Directions for this task: In the listing below, the lines starting with the line with "鹿(11画)児(8画)島(10画) 大(3画)洋(10画)" and going on through the line with "LocalAcude por tu" are to be reproduced exactly, and only those.

Data to examine:
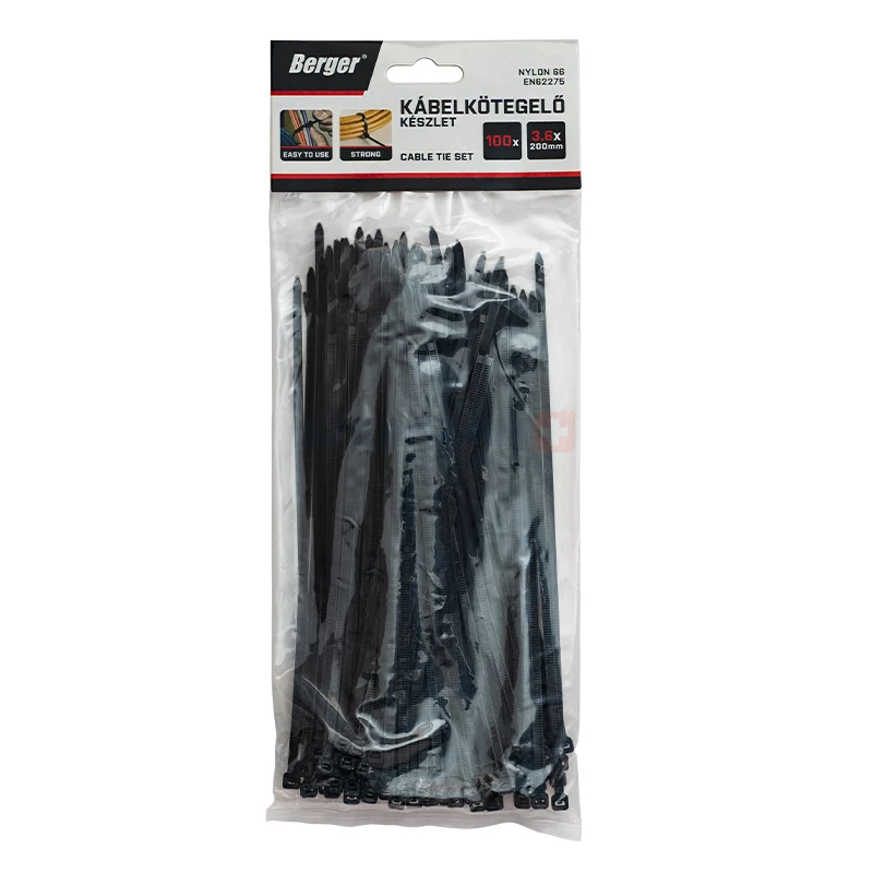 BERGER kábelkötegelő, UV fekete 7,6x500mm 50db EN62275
--
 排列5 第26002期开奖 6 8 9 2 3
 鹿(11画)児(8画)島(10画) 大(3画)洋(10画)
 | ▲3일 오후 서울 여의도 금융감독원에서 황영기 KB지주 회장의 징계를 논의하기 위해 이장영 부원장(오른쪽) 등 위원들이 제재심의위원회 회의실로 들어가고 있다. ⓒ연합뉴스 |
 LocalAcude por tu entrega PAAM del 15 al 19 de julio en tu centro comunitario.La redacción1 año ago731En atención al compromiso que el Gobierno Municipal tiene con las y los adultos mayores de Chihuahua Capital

Written response:
 鹿(11画)児(8画)島(10画) 大(3画)洋(10画)
 | ▲3일 오후 서울 여의도 금융감독원에서 황영기 KB지주 회장의 징계를 논의하기 위해 이장영 부원장(오른쪽) 등 위원들이 제재심의위원회 회의실로 들어가고 있다. ⓒ연합뉴스 |
 LocalAcude por tu entrega PAAM del 15 al 19 de julio en tu centro comunitario.La redacción1 año ago731En atención al compromiso que el Gobierno Municipal tiene con las y los adultos mayores de Chihuahua Capital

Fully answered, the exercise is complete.